• [Records]

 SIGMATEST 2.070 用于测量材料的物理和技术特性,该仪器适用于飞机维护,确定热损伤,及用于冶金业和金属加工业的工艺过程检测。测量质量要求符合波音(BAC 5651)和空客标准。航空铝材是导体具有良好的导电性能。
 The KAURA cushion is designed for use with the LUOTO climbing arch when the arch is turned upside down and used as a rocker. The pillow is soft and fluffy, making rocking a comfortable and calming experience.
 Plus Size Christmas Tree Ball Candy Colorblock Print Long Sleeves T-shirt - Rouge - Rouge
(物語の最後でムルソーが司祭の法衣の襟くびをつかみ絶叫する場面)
* * *
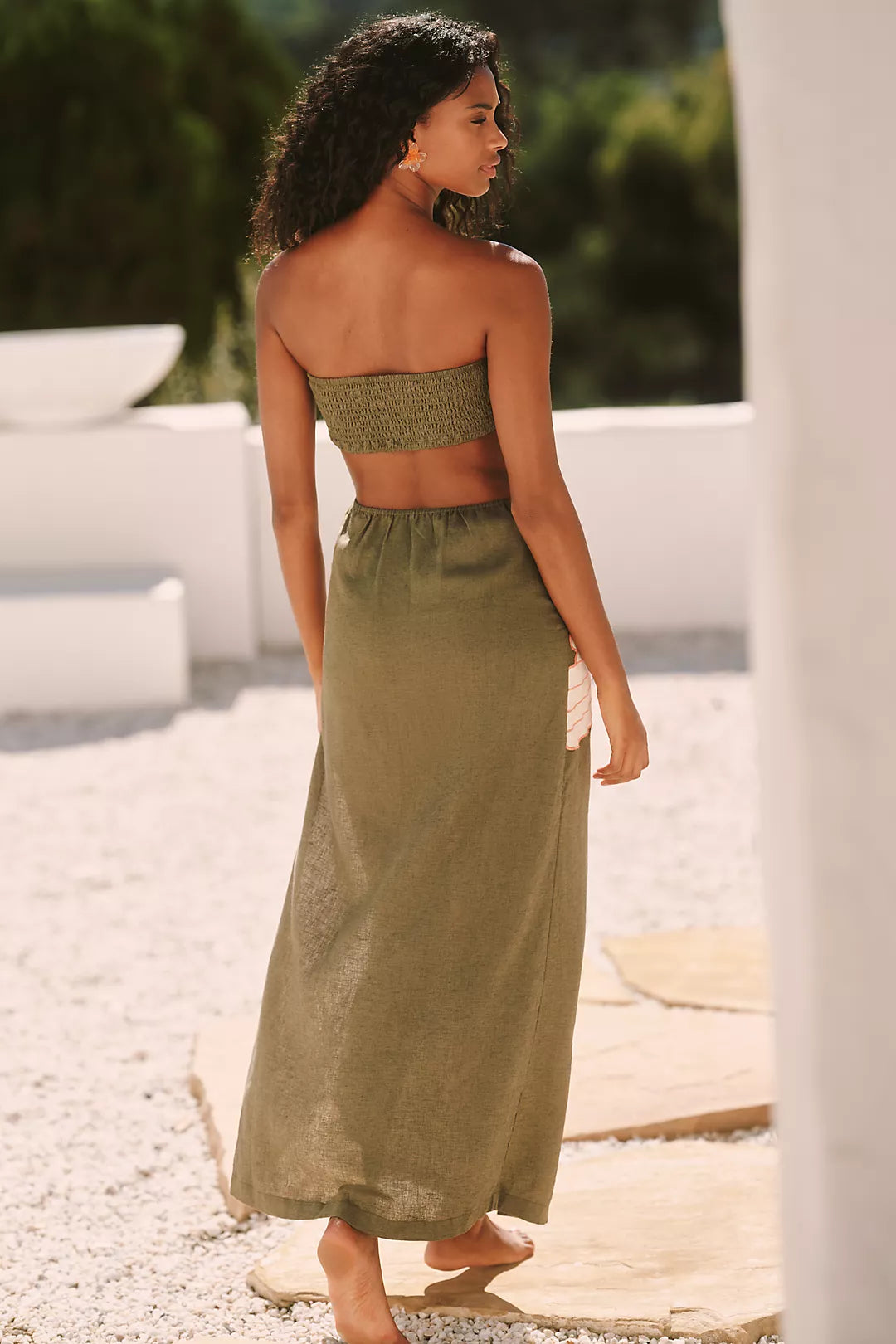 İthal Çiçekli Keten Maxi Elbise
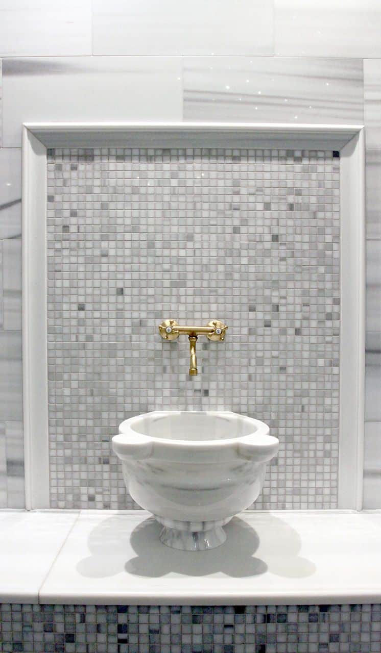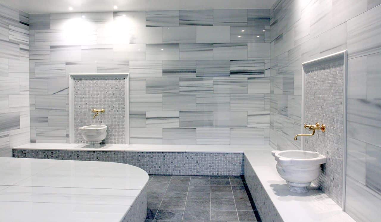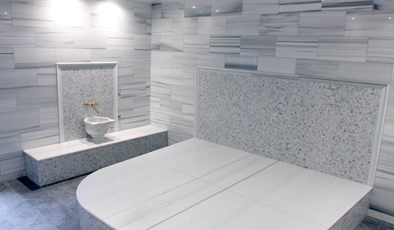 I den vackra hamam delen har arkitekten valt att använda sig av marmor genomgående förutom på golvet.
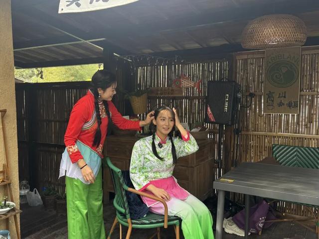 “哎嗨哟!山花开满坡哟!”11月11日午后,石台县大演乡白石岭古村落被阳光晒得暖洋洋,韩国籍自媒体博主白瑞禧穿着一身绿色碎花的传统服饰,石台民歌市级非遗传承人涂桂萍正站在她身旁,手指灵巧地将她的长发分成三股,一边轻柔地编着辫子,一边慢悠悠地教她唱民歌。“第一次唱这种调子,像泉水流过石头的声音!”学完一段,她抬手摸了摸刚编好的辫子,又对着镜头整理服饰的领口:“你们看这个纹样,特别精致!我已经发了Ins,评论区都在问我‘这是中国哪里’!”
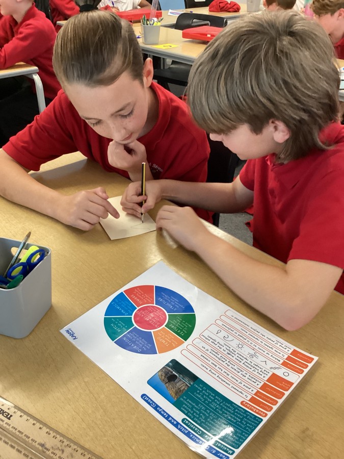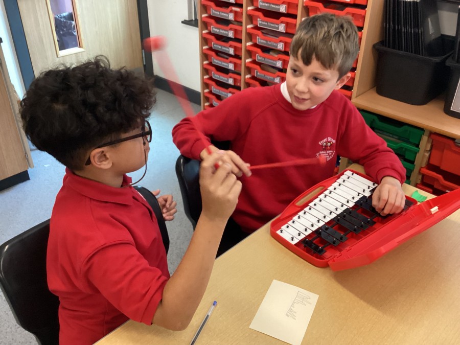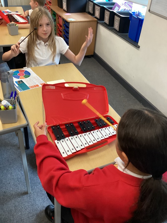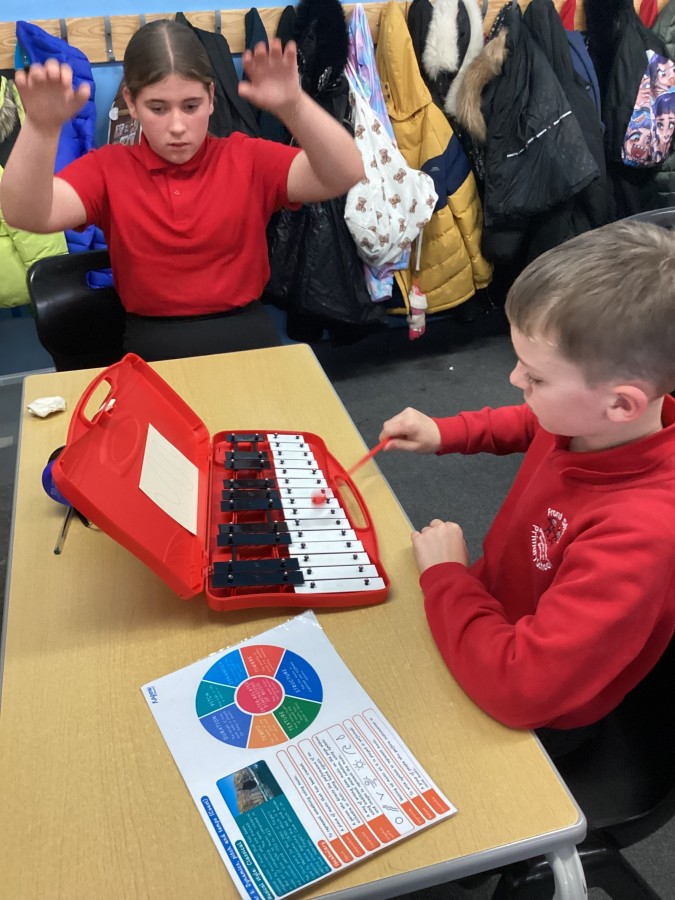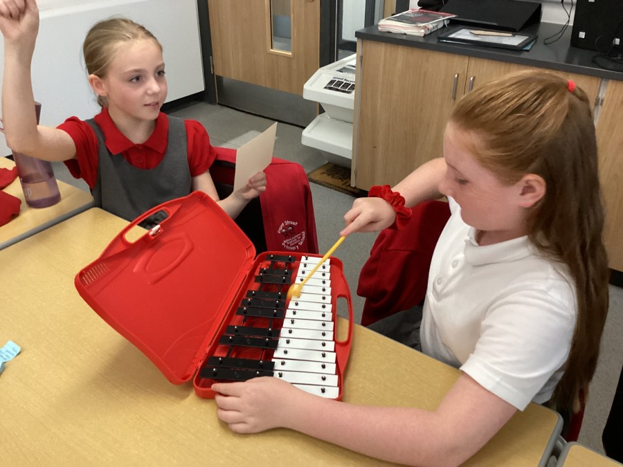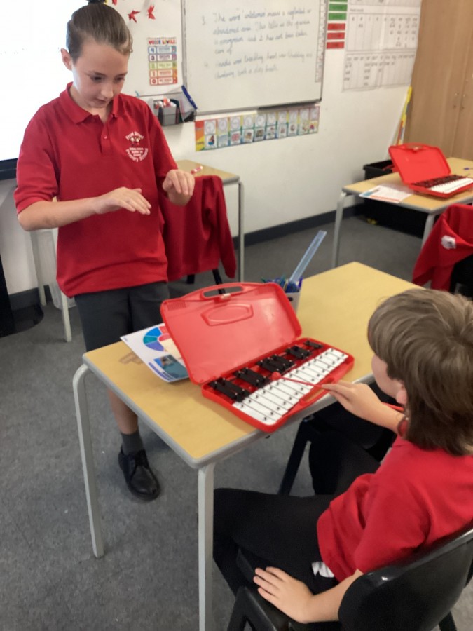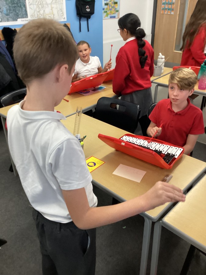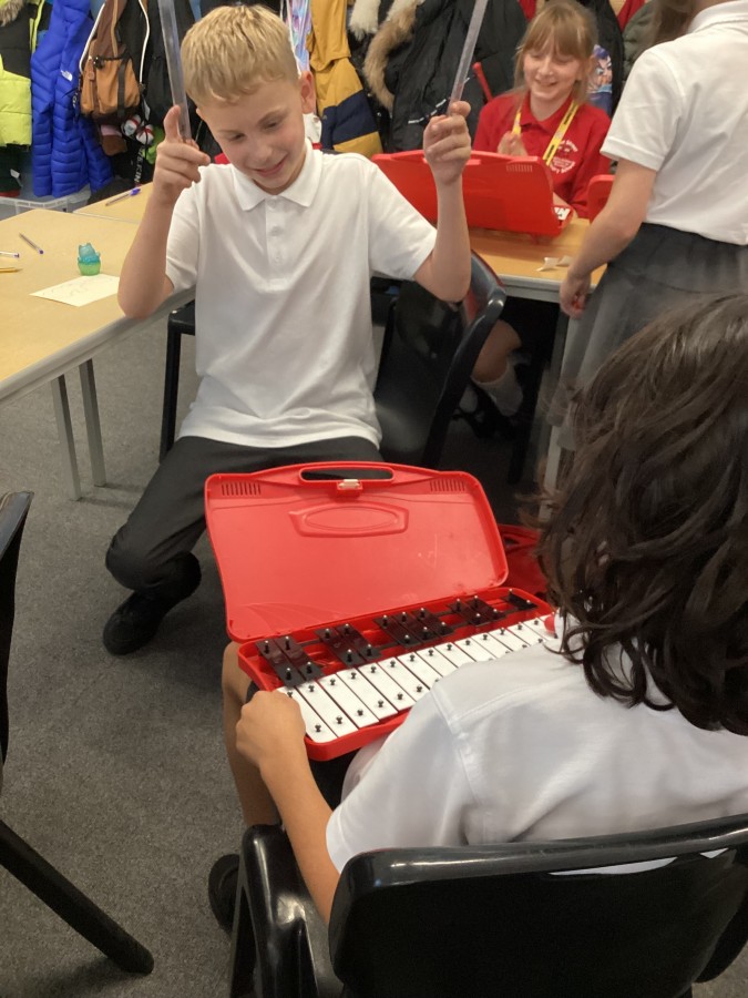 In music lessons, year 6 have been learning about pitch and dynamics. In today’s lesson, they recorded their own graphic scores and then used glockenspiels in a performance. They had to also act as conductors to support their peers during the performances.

• [Task description]
Your answer should consist only of the lines above between the line holding "The KAURA cushion" and the line holding "(物語の最後でムルソーが司祭の法衣の襟くびをつかみ絶叫する場面)", inclusive, each transcribed exactly.

• [Written solution]
 The KAURA cushion is designed for use with the LUOTO climbing arch when the arch is turned upside down and used as a rocker. The pillow is soft and fluffy, making rocking a comfortable and calming experience.
 Plus Size Christmas Tree Ball Candy Colorblock Print Long Sleeves T-shirt - Rouge - Rouge
(物語の最後でムルソーが司祭の法衣の襟くびをつかみ絶叫する場面)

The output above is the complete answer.